Please print the full listing below exactly, but not the pictures in it.

◆ INFORMATION PROVIDED ◆

-=-=-=-=-

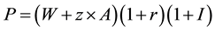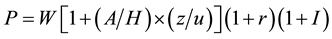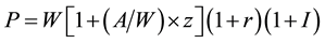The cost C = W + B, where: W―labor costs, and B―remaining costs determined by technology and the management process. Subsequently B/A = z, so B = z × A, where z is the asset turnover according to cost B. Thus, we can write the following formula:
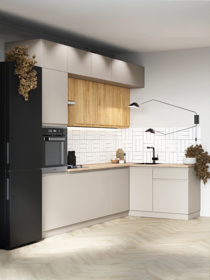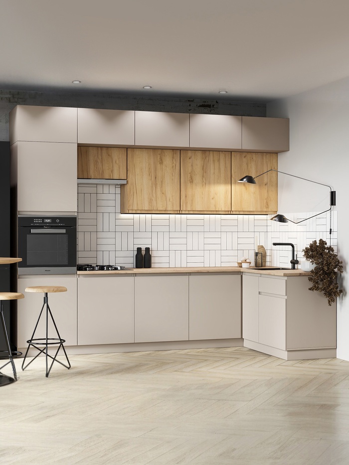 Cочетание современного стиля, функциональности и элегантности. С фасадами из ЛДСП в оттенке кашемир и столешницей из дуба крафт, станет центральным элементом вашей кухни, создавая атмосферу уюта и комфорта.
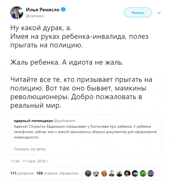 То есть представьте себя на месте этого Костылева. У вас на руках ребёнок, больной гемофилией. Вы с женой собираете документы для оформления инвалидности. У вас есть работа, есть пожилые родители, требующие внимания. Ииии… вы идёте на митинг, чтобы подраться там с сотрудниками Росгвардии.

-=-=-=-=-

◆ RESULT OF THIS EXERCISE ◆
The cost C = W + B, where: W―labor costs, and B―remaining costs determined by technology and the management process. Subsequently B/A = z, so B = z × A, where z is the asset turnover according to cost B. Thus, we can write the following formula:
 Cочетание современного стиля, функциональности и элегантности. С фасадами из ЛДСП в оттенке кашемир и столешницей из дуба крафт, станет центральным элементом вашей кухни, создавая атмосферу уюта и комфорта.
 То есть представьте себя на месте этого Костылева. У вас на руках ребёнок, больной гемофилией. Вы с женой собираете документы для оформления инвалидности. У вас есть работа, есть пожилые родители, требующие внимания. Ииии… вы идёте на митинг, чтобы подраться там с сотрудниками Росгвардии.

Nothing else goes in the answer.